> **EXERCISE INSTRUCTIONS**
In the records below, find the line that contains "Figure 5. Drawing" and repeat it, along with each line after it, exactly as written.

Segment Open

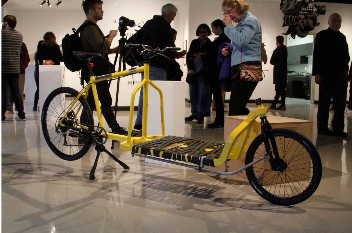
Photo 5: Final product at the Stamps School of Art and Design Undergraduate Juried Exhibition 2016.
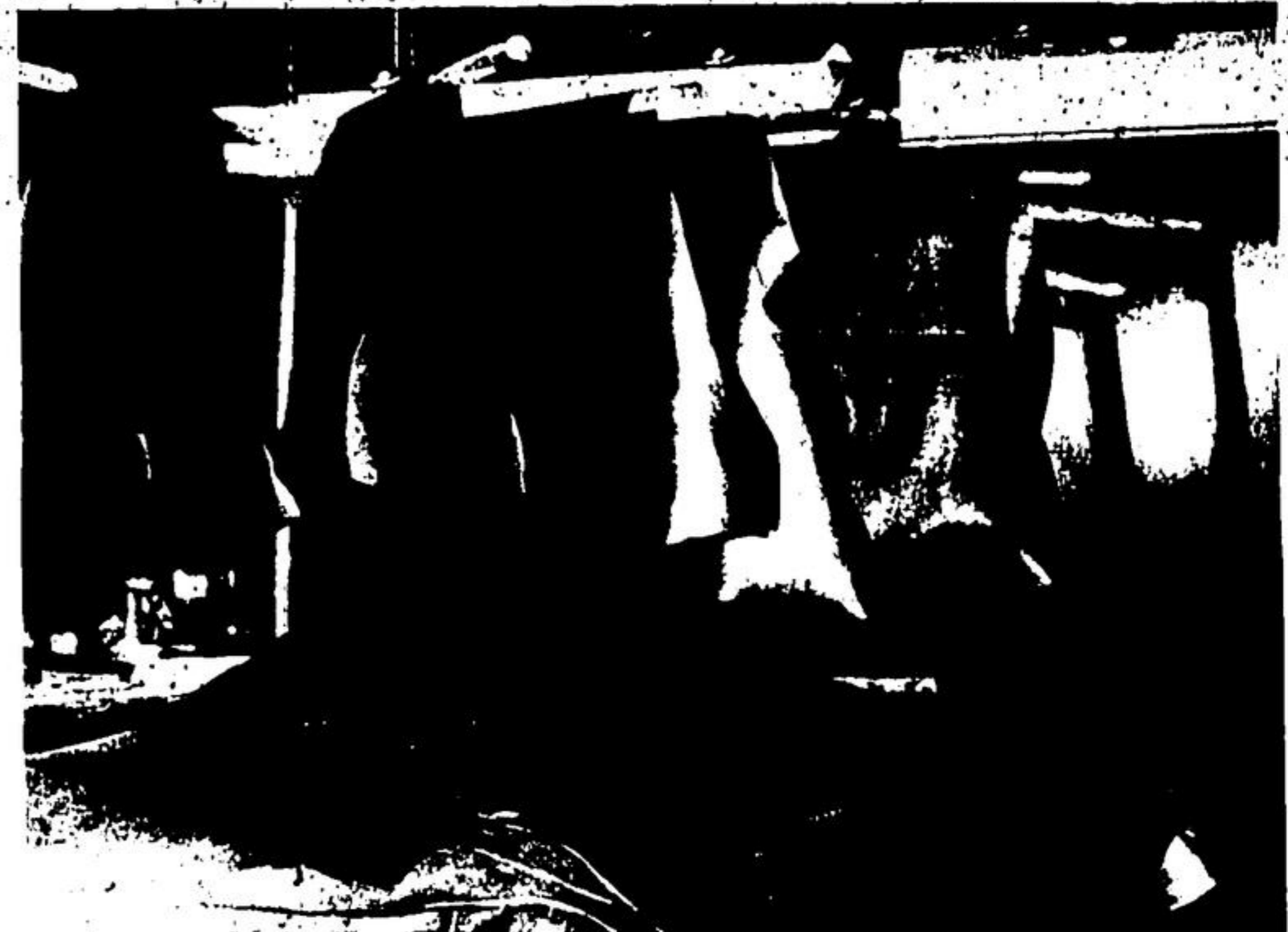
DYED LEATHER hangs on circular racks to dry every color for all types of leather goods.
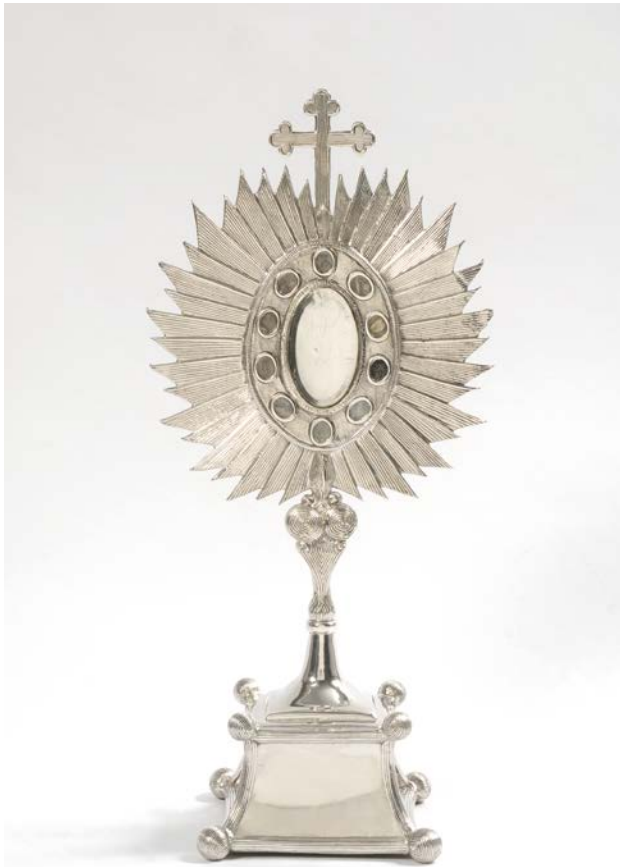
Reliquary-Monstrance Silver and glass, 17th century Lisbon, Museu de São Roque, Santa Casa da Misericórdia, Inv. RL. 60

have their small scapulars made in black taffeta, to wear, as they usually do, around their necks 67 .
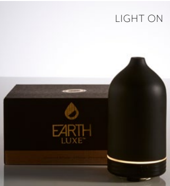
Black Ceramic 8" Tall / Tank 4 oz One Color Light
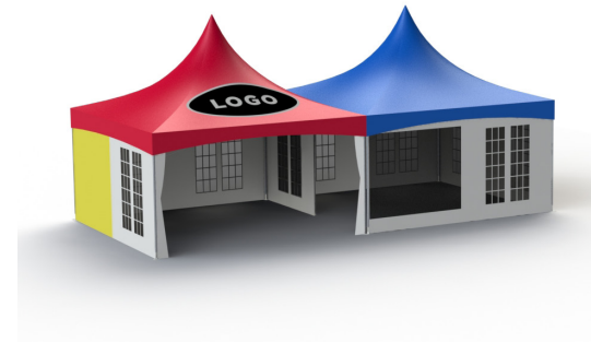
Color and print
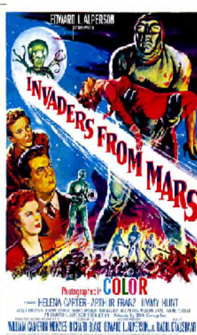
Illustration 14: Invaders From Mars (1953)
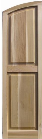
SMALL CURVE EYEBROW RADIUS
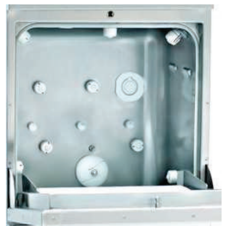
Chamber - Detailed View
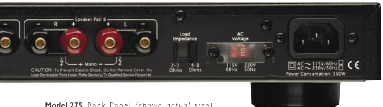
Model 275 Back Panel (shown actual size)

For more Model 275 information & its owner's manual, please visit www.parasound.com .
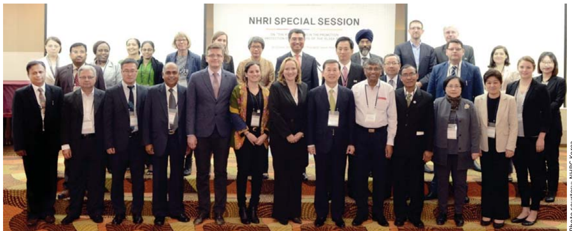
Participants at a ASEM Conference on Global Ageing and Human Rights of older Persons and NHRI Special Session held in Korea

Organized jointly by the National Human Rights Commission of Korea and Korean Ministry of Foreign Affairs, the conference was participated by 200 participants of 45 nations including the representatives of member states of ASEM, Human Rights Institutions, experts, academia and international non-governmental organizations among others.
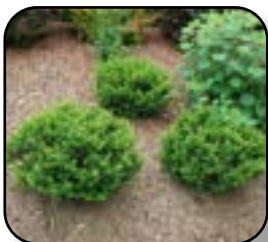
Yew Stonehenge (PW)
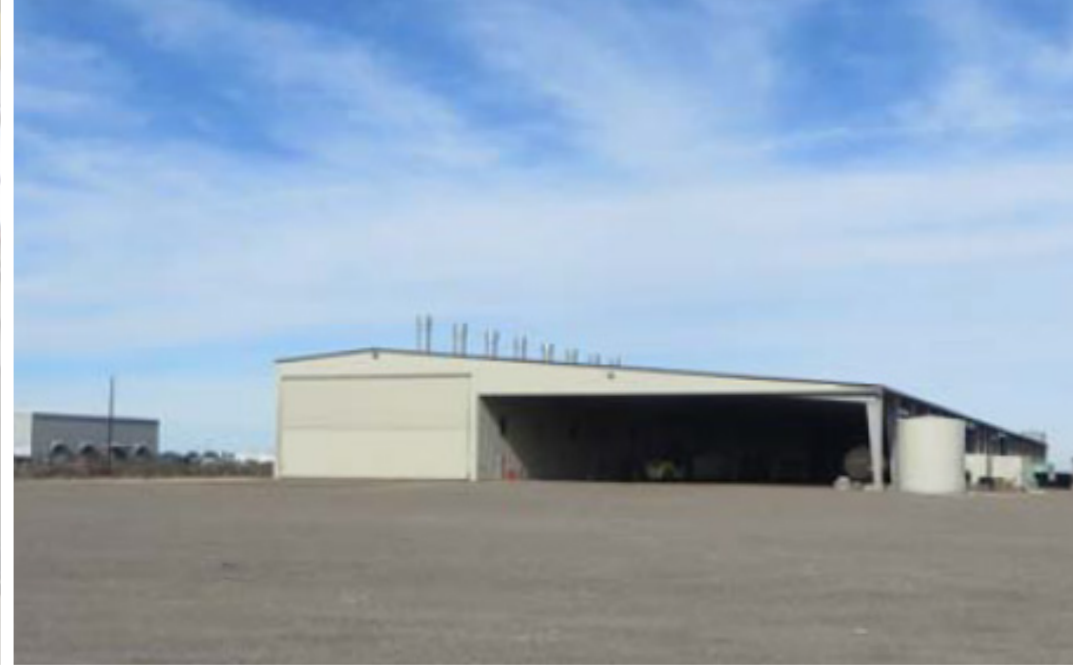
9504 W County Road 127 | Midland, Texas
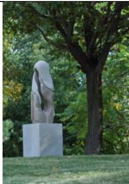
Image 03 Aria Sculpture at Northshore Sculpture Park in Skokie, IL. Aria

Journey is how life is not a straight line but rather an involved process that is easy to understand when you stand outside of it but hard to fathom when you are living the situation.
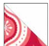
Half Square Triangle
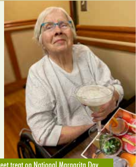
Mocktails were a sweet treat on National Margarita Day, February 22, at Mount Olivet Careview Home. Can you see the joy on their faces? Salud!
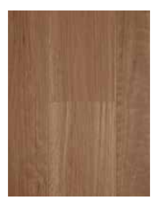
AGED BLACKBUTT • New Arrival 2019
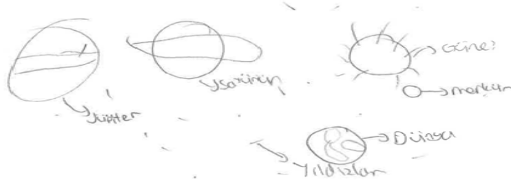
Figure 5. Drawing and explanation belonging to S16 Space, sky, start, moon.

It was determined that 13 students out of 77 students have the celestial bodies mental model. In the drawings evaluated in this category, students did not draw any human figure, they only drew different heavenly bodies. In almost all of these drawings, there is the Sun, Jupiter, Saturn, World and stars. Some examples of the celestial bodies' mental model found to be possessed by students are given below.

Segment Closed

> **RESULT OF THE EXERCISE**
Figure 5. Drawing and explanation belonging to S16 Space, sky, start, moon.

It was determined that 13 students out of 77 students have the celestial bodies mental model. In the drawings evaluated in this category, students did not draw any human figure, they only drew different heavenly bodies. In almost all of these drawings, there is the Sun, Jupiter, Saturn, World and stars. Some examples of the celestial bodies' mental model found to be possessed by students are given below.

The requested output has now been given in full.